Concurrent Kernel Execution

I apologized if this is an old question, I wasn’t able to find the answer in the first few pages of this forum or using the search function or the very limited and horribly written OpenCL programming guide.

How do you implement concurrent kernel execution in OpenCL?

I don’t think this is possible in OpenCL at the moment

The programming guide says it is possible:

For devices of compute capability 2.0, multiple kernels can execute concurrently on a device, so maximum utilization can also be achieved by using queues to enable enough kernels to execute concurrently.

It mentions using queues, but has no example code or further explanation on how to achieve this, do you just put the kernels into different command queues and then call them without any event of flush between the two, for example?

The Nvidia OpenCL programming guide is very vague on this matter, as it is on quite a few things, I’m not sure if that’s intentional or not.

I think the key is the CL_QUEUE_OUT_OF_ORDER_EXEC_MODE_ENABLE property of the command queue. See section 5.8 Out-of-order Execution of Kernels and Memory Object Commands of the OpenCL 1.0 specs (in the OpenCL 1.1 specs it is 5.11). You should also be able to create multiple (possibly in-order) command queues for the same device, which would at least allow the driver to schedule them concurrently. CL_QUEUE_OUT_OF_ORDER_EXEC_MODE_ENABLE is not supported on compute capability 1.x cards (which can process a single kernel call at a time only, some of them with overlapping DMA transfers).

Regards,
Markus

The OpenCL API gives you two options, although I’ve not experimented with the NV drivers yet so I don’t know if they’ll both actually give parallel execution:

  1. Use an out-of-order queue (pass CL_QUEUE_OUT_OF_ORDER_EXEC_MODE_ENABLE when creating the queue). This will cause all commands in that queue to be potentially parallelised, so you’ll need to use events to enforce any required ordering (e.g. loading of data before processing that data, or dependent kernels).

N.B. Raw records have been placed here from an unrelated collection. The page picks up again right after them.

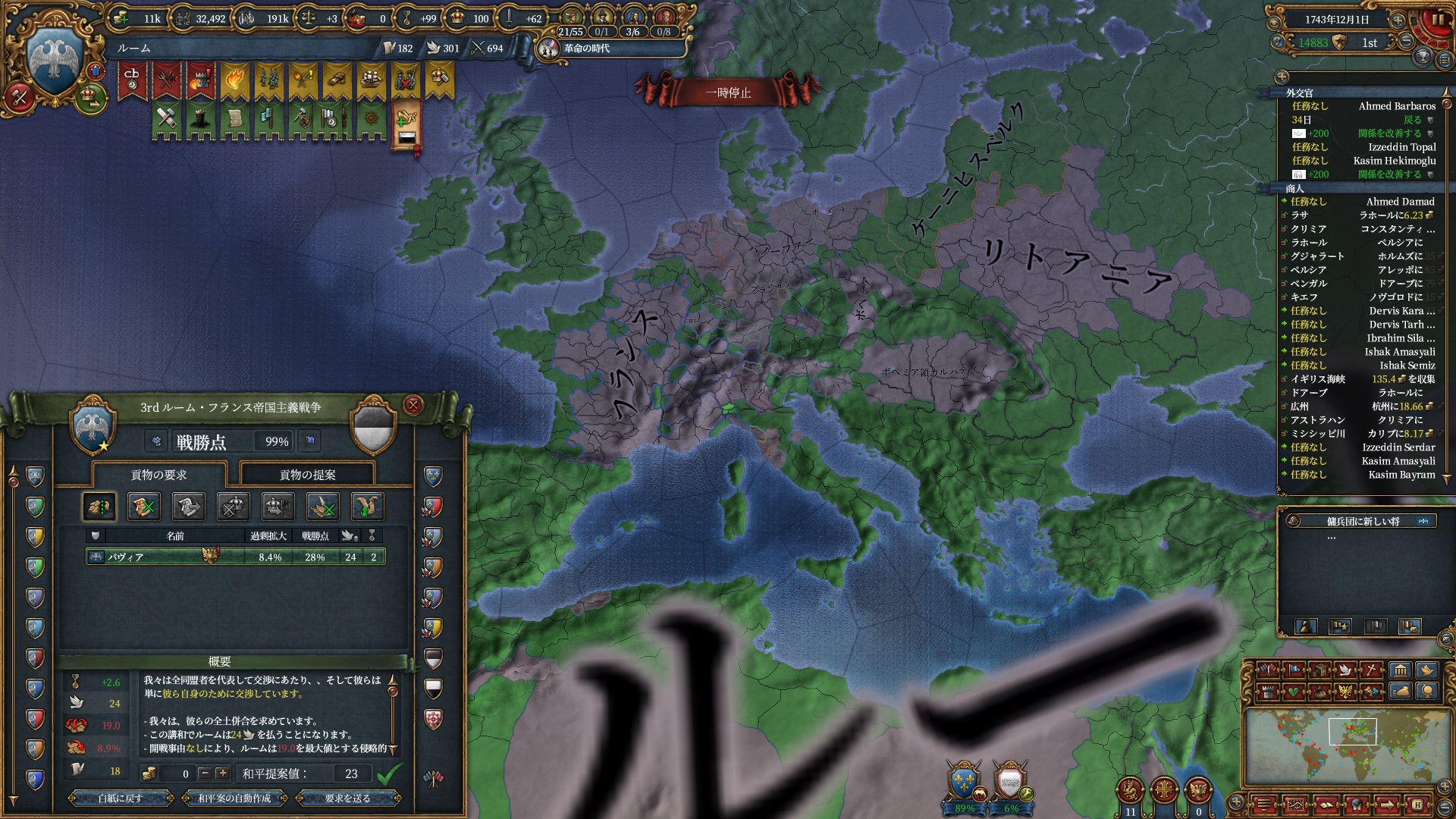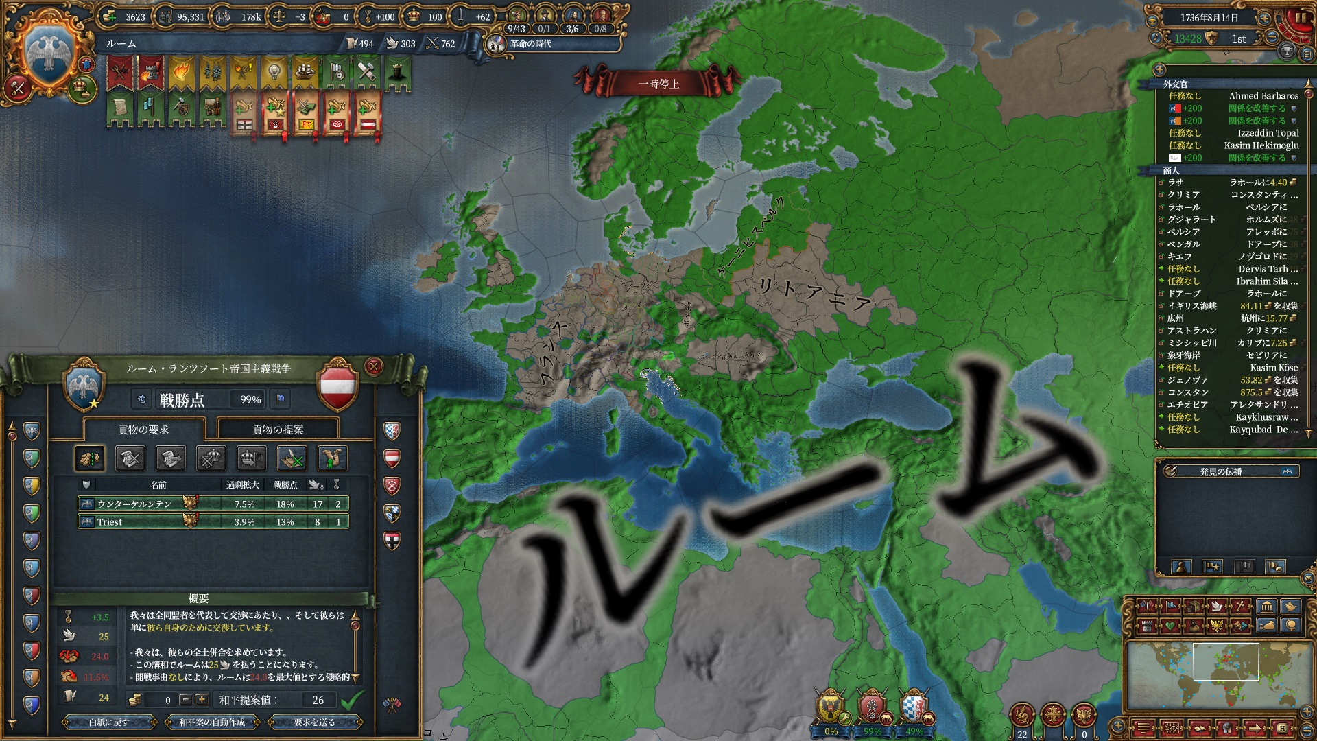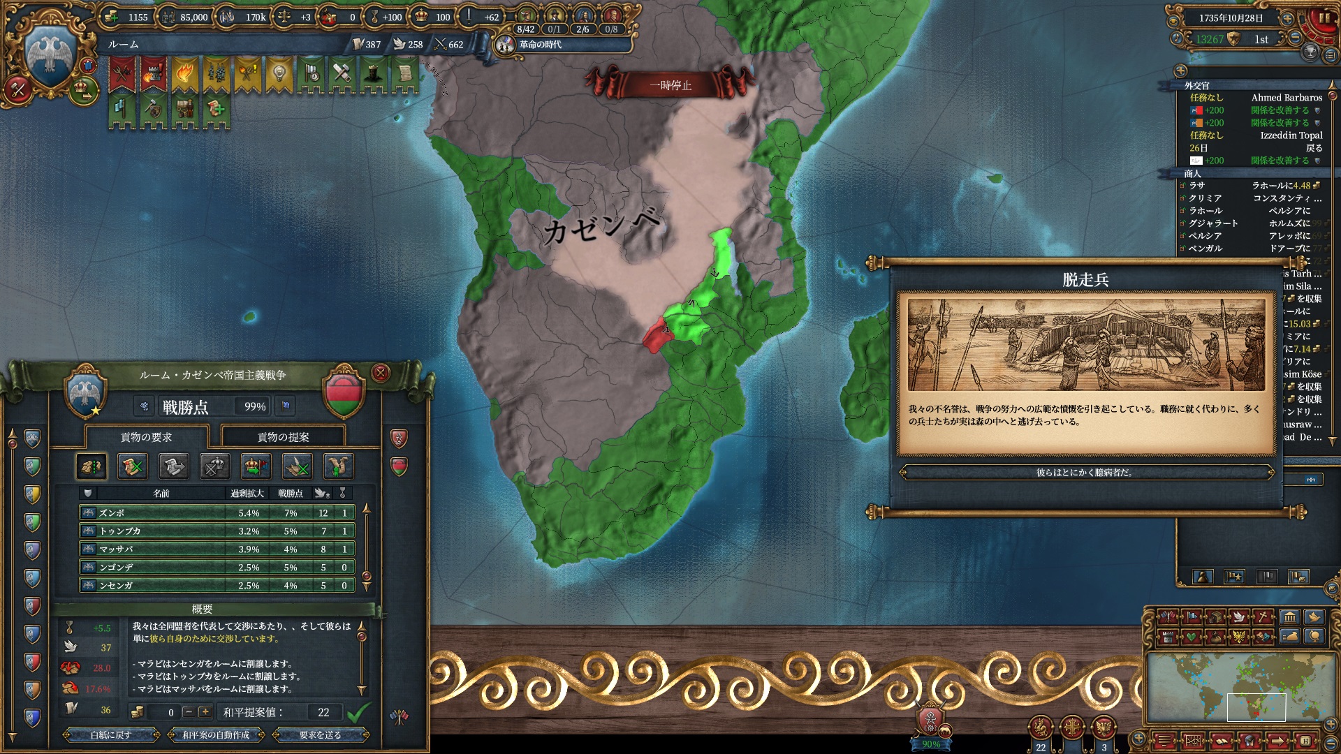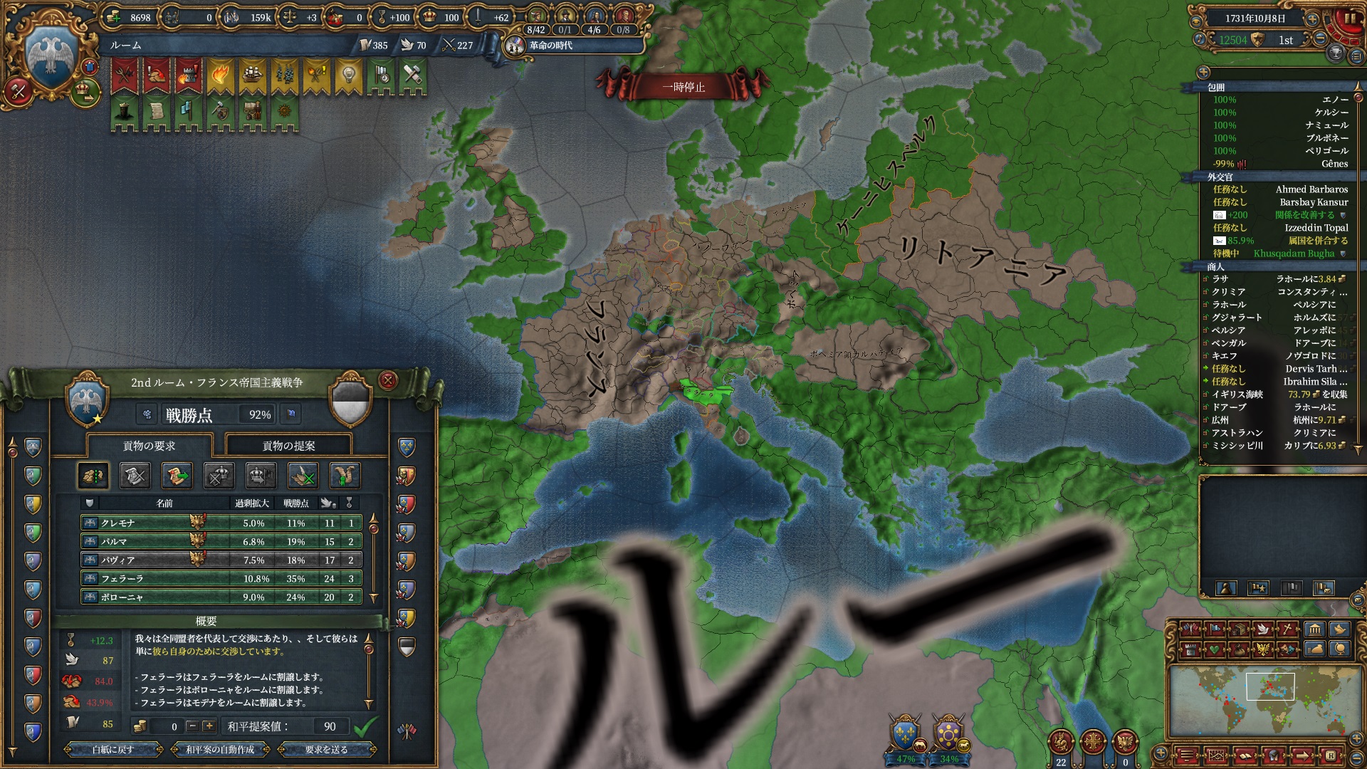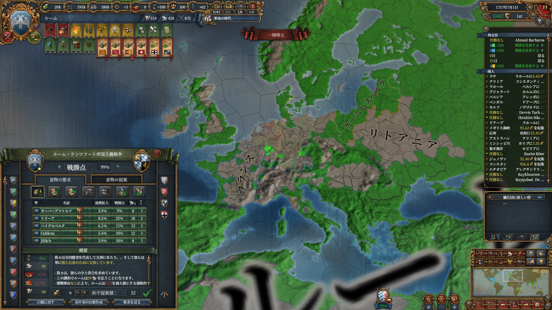 フランスと殴り合いした結果またも人的資源が付きてしまったのでここで講和。
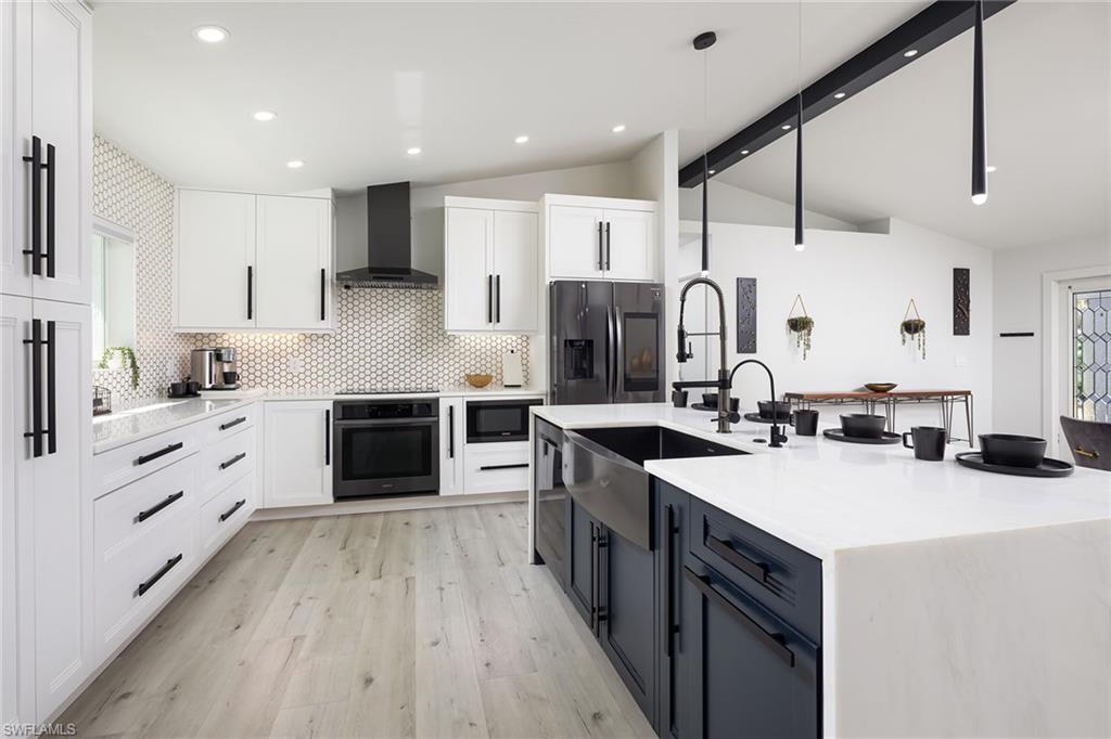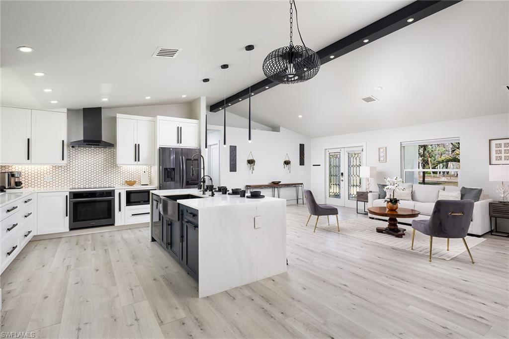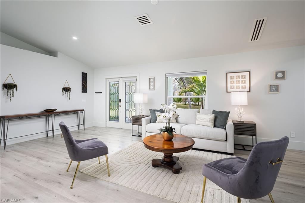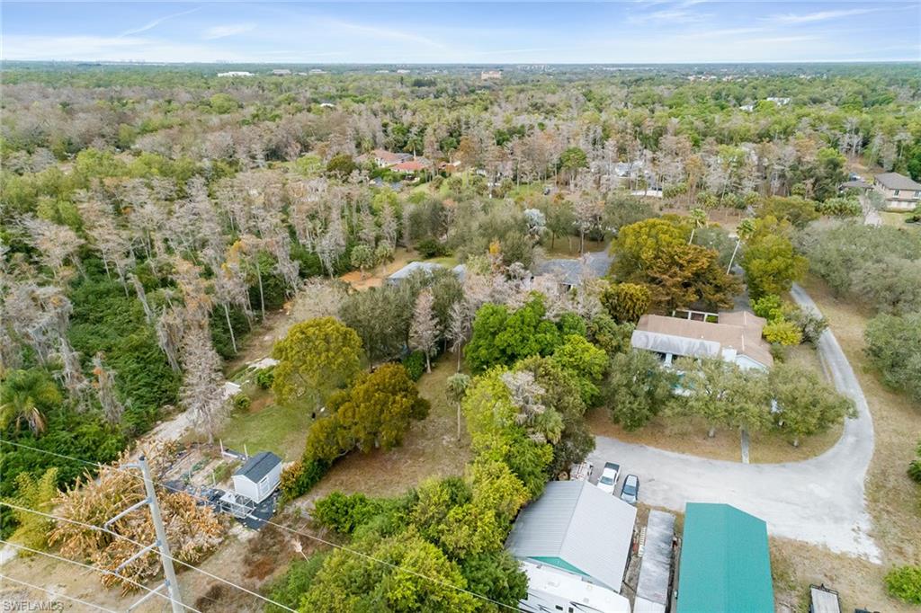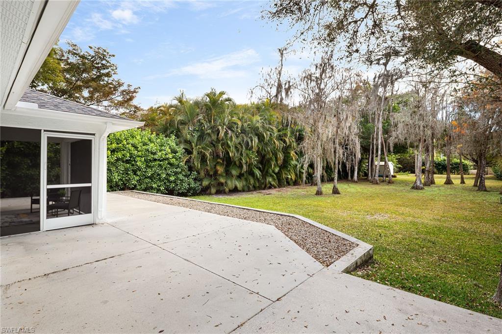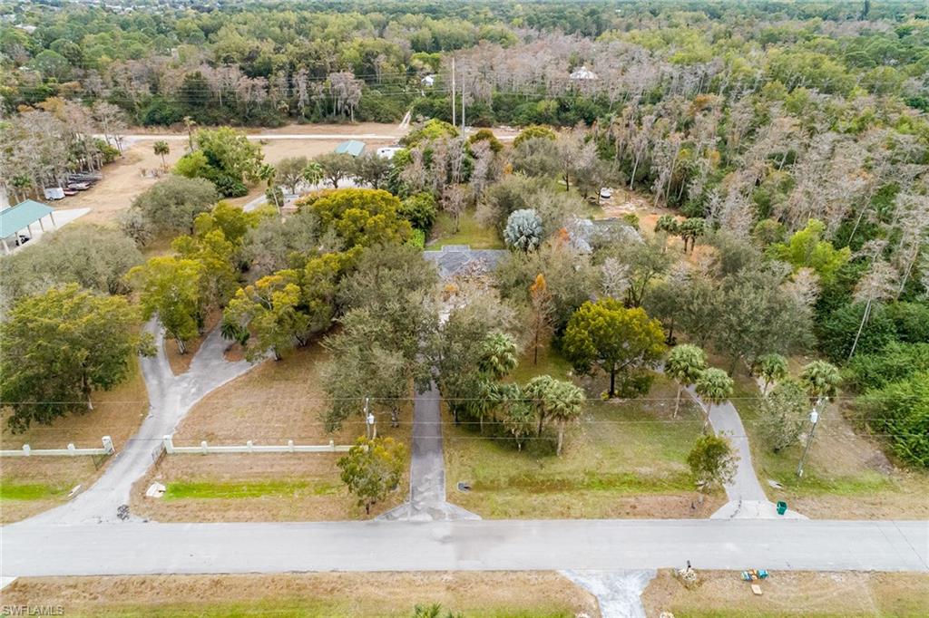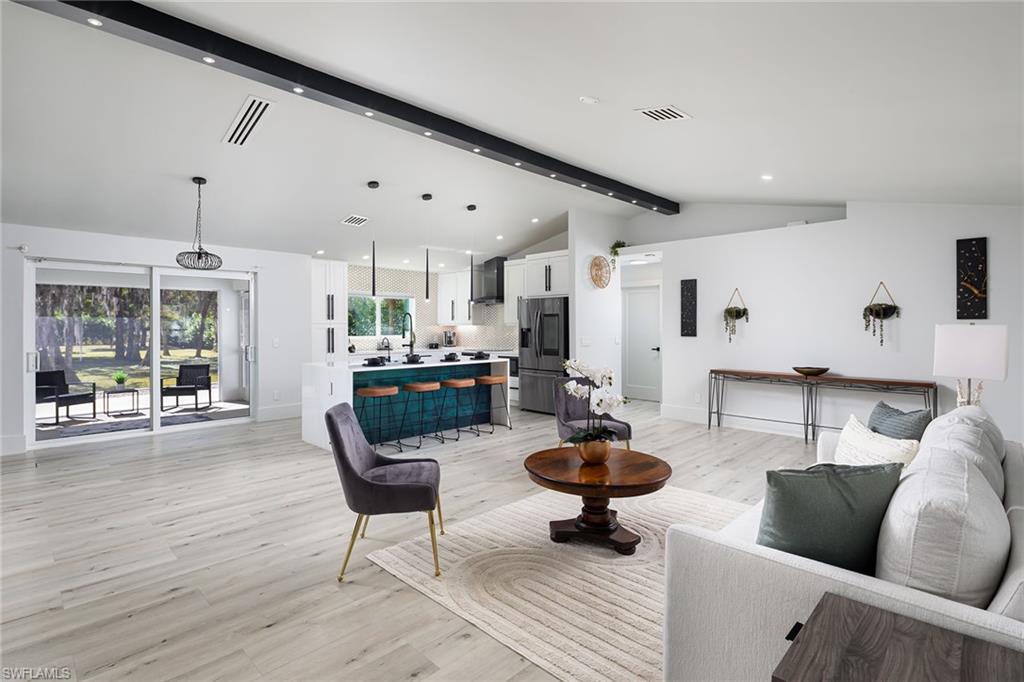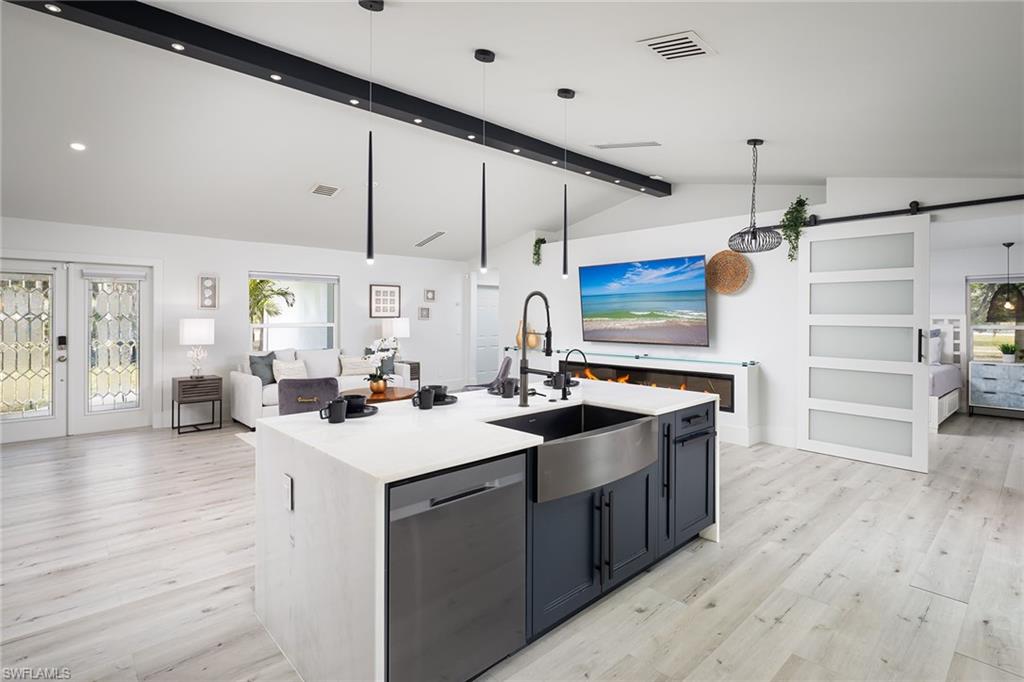 Logan Woods. Beautifully updated in a clean modern style with high-end designer finishes and smart systems on approximately 1.14-acre lot with storage shed. High elevation, new roof and new windows in 2022, updates to septic and whole-house reverse osmosis in 2023 and now freshly painted interior walls. Large open great room and kitchen with soaring vaulted ceilings and split bedroom floor plan for ultimate privacy. Exceptional features include stunning large remote-controlled fireplace, 85-inch Sony flatscreen, kitchen island, quartz countertops, white and gold tile, and Samsung smart stainless appliances. In-house stackable washer/dryer. Primary suite with Moen smart shower system, double sinks, walk-in closet. Two guest bedrooms sized for queen or twins/bunks share a hallway bath with glass enclosed shower. Kitchen sliders open to a screened lanai and unscreened patio with ample room for grilling, outdoor dining, fire pit or hot tub. Enjoy the view of an expansive backyard surrounded by mature trees and lush hedges. Additional smart home features include Nest thermostat, smoke/CO alarms, Ring doorbell, Yale door lock, home alarm and security camera system. Conveniently between two shopping plazas. In Vineyards Elementary, Oakridge Middle and Naples High School districts, and 15 minutes to the beach, making this house your dream home or an exciting investment property.
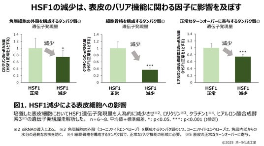 表皮でのHSF1の働きを調べるために、HSF1の遺伝子発現量を人為的に減少させたところ、肌のバリア機能に関わる因子が複数低下しました(図1)。このことから表皮では、HSF1が低下するとバリア機能が低下し、これにより肌が外部からの刺激を受けやすくなる・水分が失われやすくなるといった影響が現れ、ひいては肌の粗さにもつながると考えられます。

  2. Use multiple queues and put a command into each queue. Each queue can be scheduled independently, except where events are used to constrain ordering. It should be okay to clFlush the queues whenever, since that doesn’t block on completion (unlike clFinish).

Ok, thanks everyone, I’ll give this a try and let you know how it turns out.

When I try the second option, the profiler returns a really long run time for the first kernel (of two kernels), unless I clFinish after each kernel (which would prohibit CKE I would imagine, so that kind of defeats the purpose), so my point is that I’m not sure this works either.